[Stored data]
....

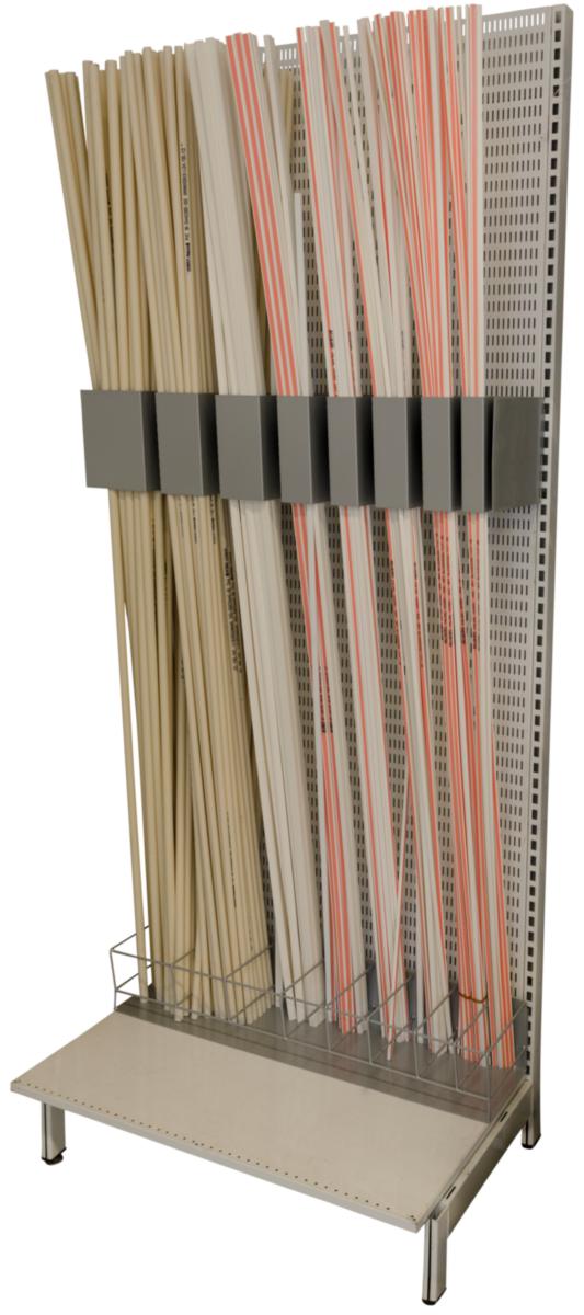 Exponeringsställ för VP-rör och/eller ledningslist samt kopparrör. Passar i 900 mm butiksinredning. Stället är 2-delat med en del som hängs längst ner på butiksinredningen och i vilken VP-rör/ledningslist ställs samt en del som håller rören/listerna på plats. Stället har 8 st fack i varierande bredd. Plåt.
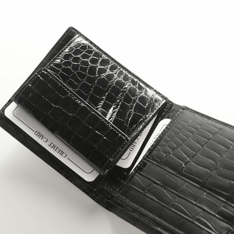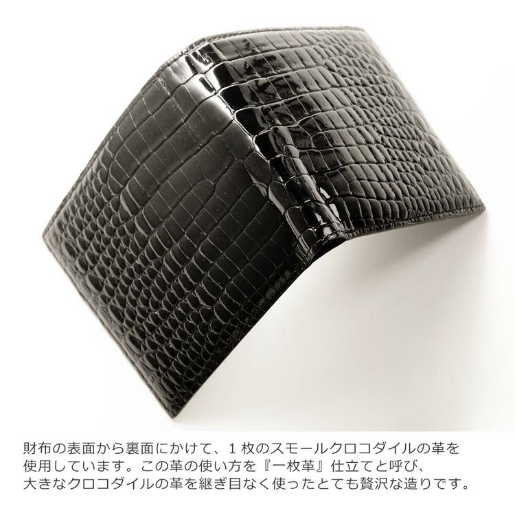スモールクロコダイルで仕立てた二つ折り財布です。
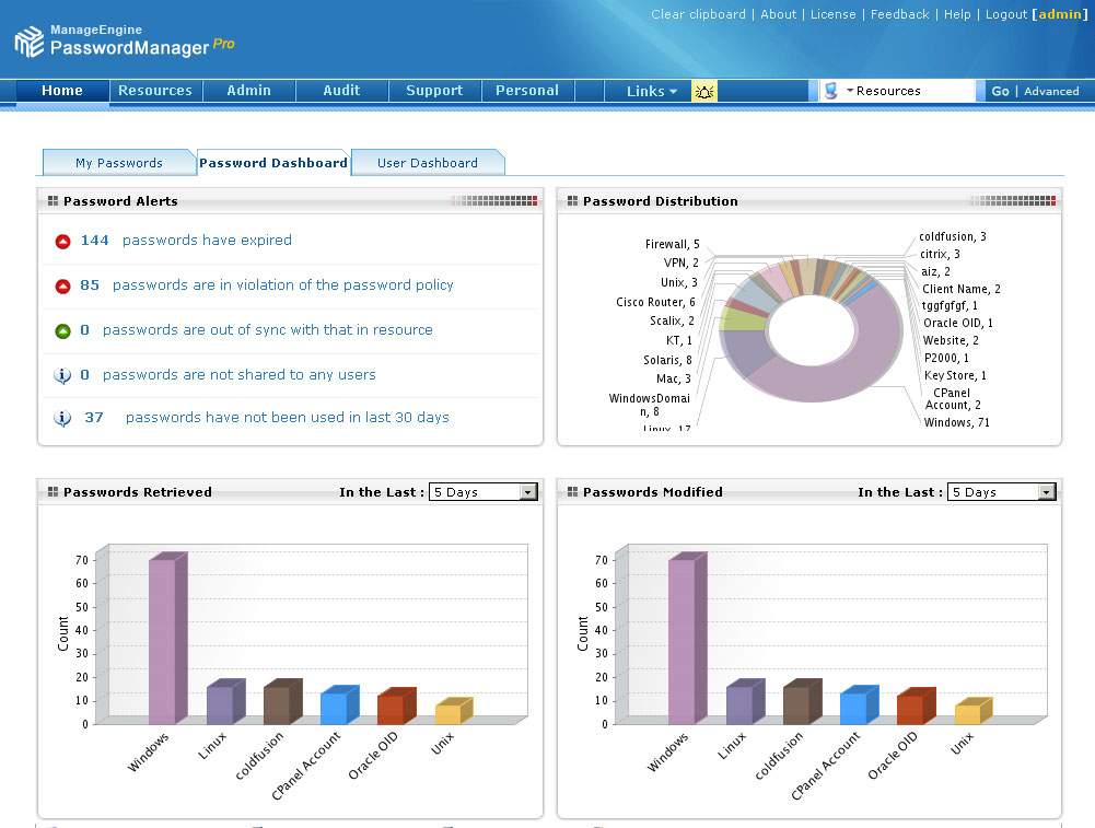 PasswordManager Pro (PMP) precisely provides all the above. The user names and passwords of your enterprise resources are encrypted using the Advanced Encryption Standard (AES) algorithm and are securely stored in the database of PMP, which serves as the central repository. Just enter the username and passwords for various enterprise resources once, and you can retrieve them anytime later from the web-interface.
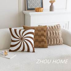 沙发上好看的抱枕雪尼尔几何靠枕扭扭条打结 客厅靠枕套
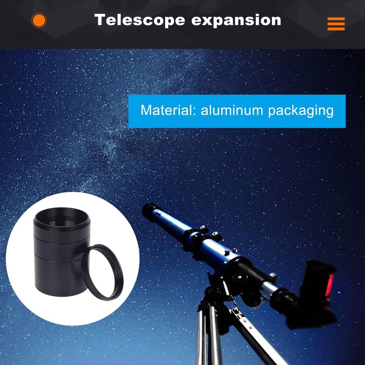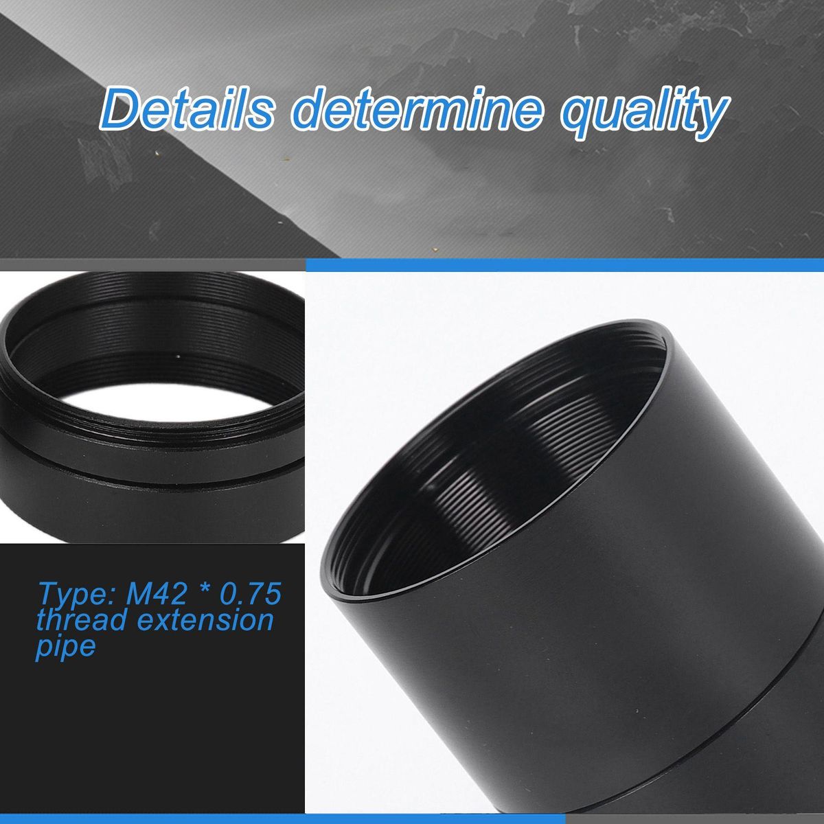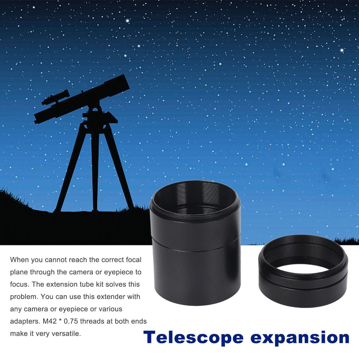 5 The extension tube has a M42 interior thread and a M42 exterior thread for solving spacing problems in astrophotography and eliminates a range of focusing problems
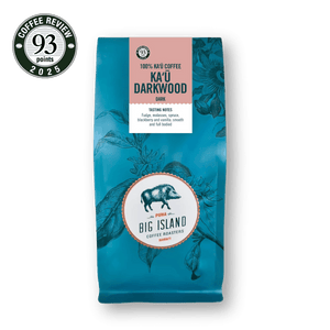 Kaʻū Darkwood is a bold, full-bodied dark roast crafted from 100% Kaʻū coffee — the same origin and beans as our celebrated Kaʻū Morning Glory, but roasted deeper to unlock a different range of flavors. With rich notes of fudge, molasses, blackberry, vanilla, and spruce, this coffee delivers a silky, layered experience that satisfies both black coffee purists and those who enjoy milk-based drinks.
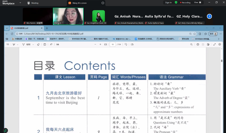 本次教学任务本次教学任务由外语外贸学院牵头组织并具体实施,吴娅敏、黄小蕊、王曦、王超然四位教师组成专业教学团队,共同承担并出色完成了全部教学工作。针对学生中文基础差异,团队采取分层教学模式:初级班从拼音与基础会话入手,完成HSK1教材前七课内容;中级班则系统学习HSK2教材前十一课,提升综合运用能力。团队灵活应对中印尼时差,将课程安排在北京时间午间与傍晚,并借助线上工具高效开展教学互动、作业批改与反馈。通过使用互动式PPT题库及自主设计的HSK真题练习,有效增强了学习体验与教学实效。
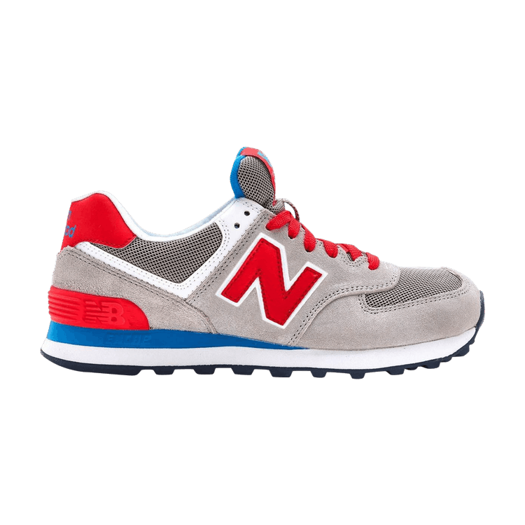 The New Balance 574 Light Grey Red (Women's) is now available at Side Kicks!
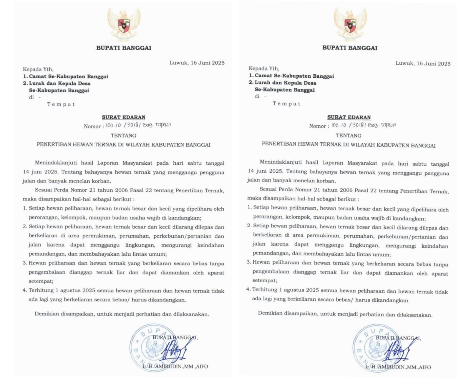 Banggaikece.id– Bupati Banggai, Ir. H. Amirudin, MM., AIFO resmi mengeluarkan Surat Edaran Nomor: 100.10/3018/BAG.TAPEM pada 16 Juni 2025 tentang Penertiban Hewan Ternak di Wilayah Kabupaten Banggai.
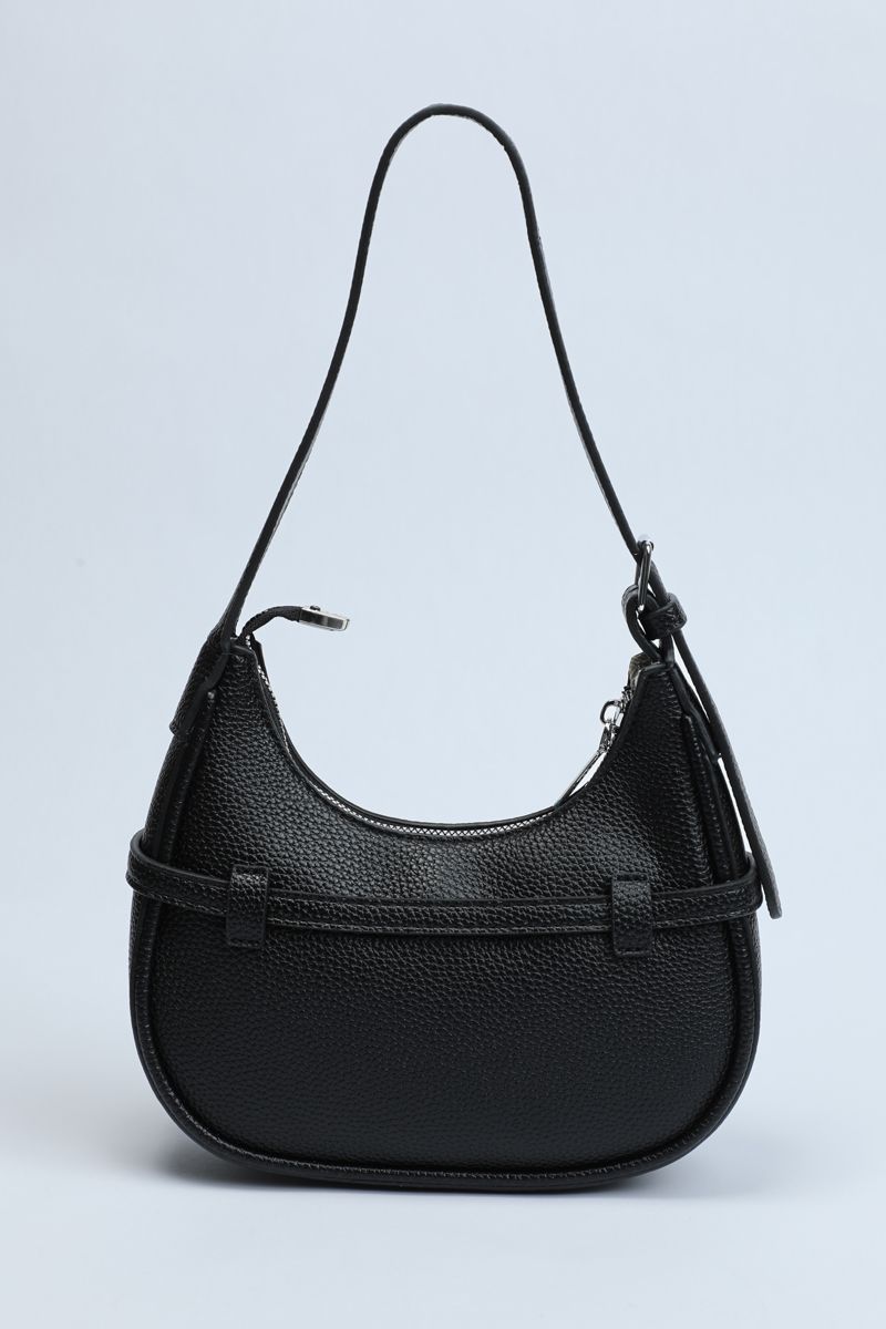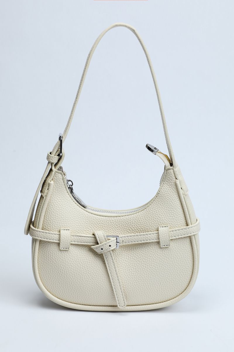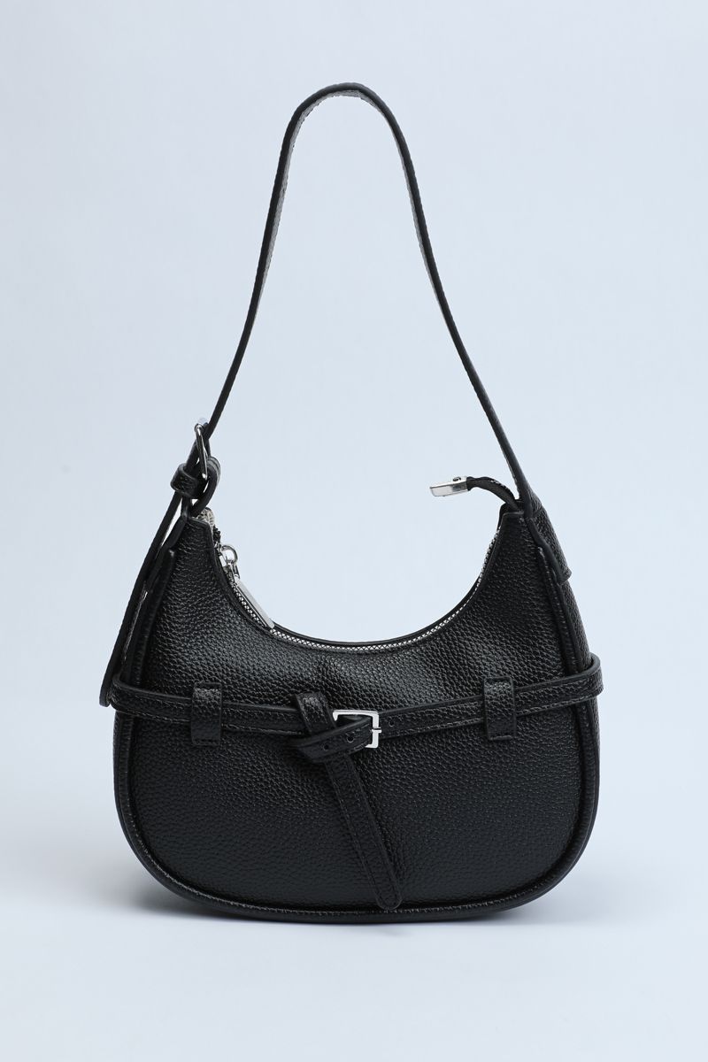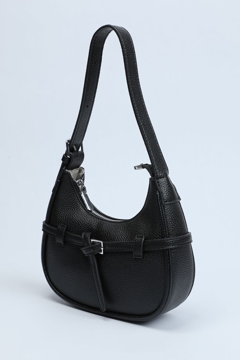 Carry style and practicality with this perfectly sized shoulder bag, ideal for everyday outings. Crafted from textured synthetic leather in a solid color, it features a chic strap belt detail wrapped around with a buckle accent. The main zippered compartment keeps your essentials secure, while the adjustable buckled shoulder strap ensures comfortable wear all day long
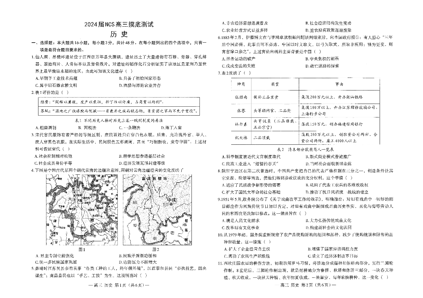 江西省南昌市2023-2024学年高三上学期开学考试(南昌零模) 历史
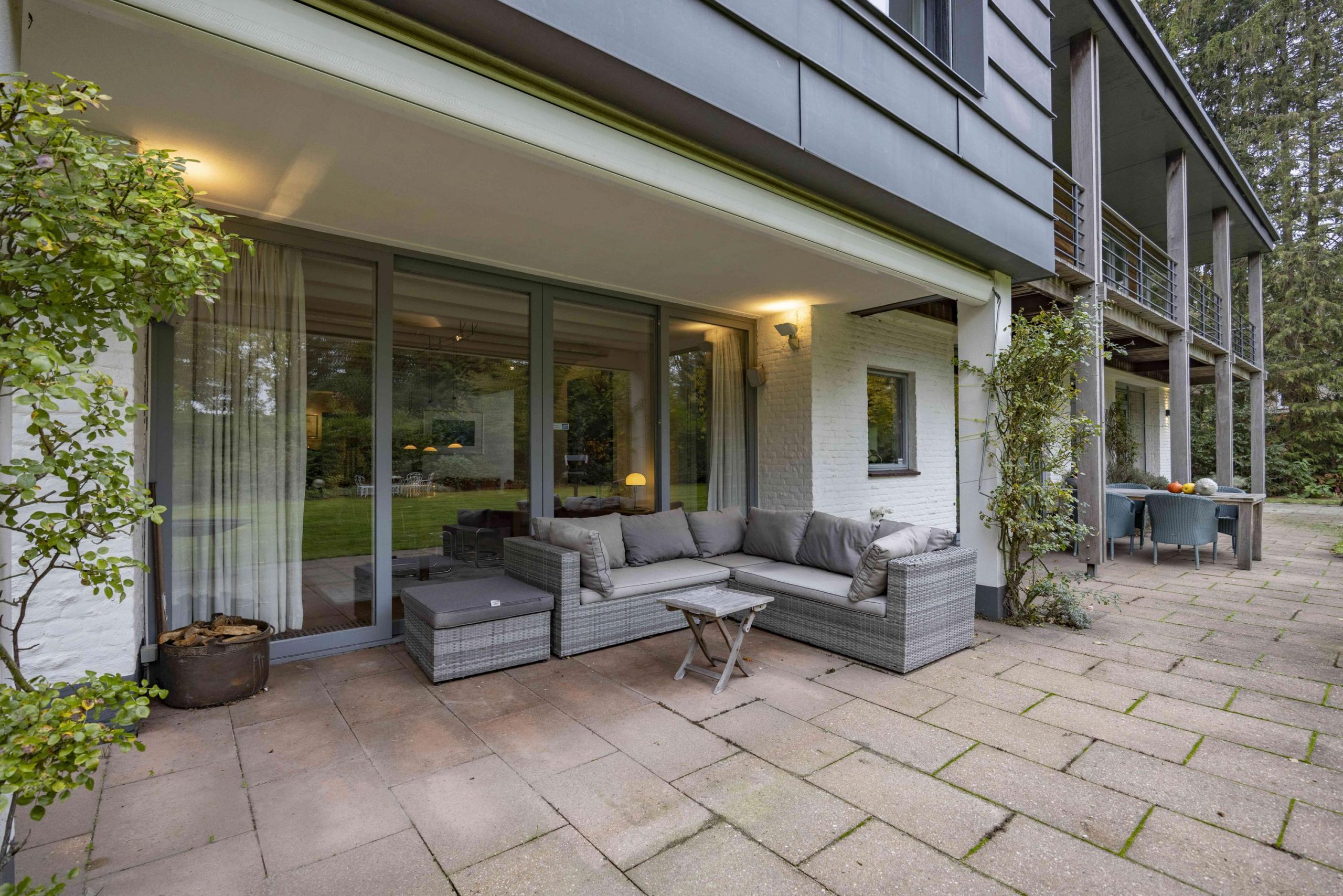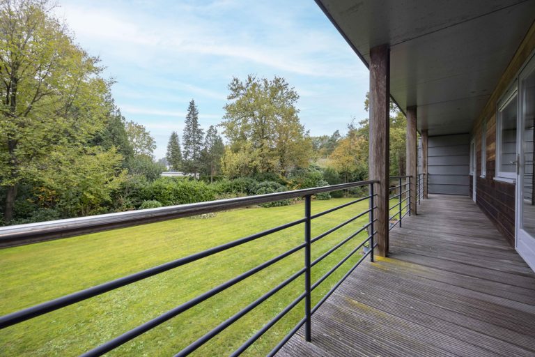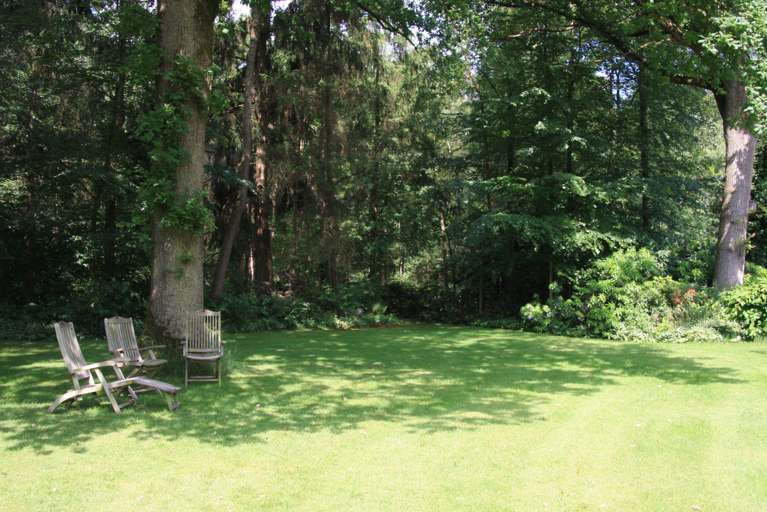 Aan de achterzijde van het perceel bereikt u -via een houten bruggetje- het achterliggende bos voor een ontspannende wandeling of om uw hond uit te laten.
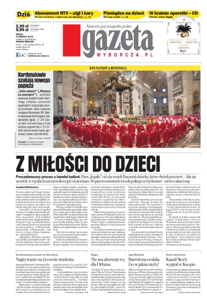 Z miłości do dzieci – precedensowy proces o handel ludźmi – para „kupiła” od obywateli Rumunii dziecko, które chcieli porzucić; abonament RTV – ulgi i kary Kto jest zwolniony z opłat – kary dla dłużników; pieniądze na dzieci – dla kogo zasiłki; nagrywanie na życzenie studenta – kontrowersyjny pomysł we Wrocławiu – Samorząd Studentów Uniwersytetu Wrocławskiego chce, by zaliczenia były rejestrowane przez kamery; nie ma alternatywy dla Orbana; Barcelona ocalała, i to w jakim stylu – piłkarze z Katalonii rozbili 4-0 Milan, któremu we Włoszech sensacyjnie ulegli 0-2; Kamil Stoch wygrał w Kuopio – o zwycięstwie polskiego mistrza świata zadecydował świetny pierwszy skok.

....

Each line from the first line of the data above through the one containing "5 The extension" must be set down exactly; the pictures must not be.

 Exponeringsställ för VP-rör och/eller ledningslist samt kopparrör. Passar i 900 mm butiksinredning. Stället är 2-delat med en del som hängs längst ner på butiksinredningen och i vilken VP-rör/ledningslist ställs samt en del som håller rören/listerna på plats. Stället har 8 st fack i varierande bredd. Plåt.
スモールクロコダイルで仕立てた二つ折り財布です。
 PasswordManager Pro (PMP) precisely provides all the above. The user names and passwords of your enterprise resources are encrypted using the Advanced Encryption Standard (AES) algorithm and are securely stored in the database of PMP, which serves as the central repository. Just enter the username and passwords for various enterprise resources once, and you can retrieve them anytime later from the web-interface.
 沙发上好看的抱枕雪尼尔几何靠枕扭扭条打结 客厅靠枕套
 5 The extension tube has a M42 interior thread and a M42 exterior thread for solving spacing problems in astrophotography and eliminates a range of focusing problems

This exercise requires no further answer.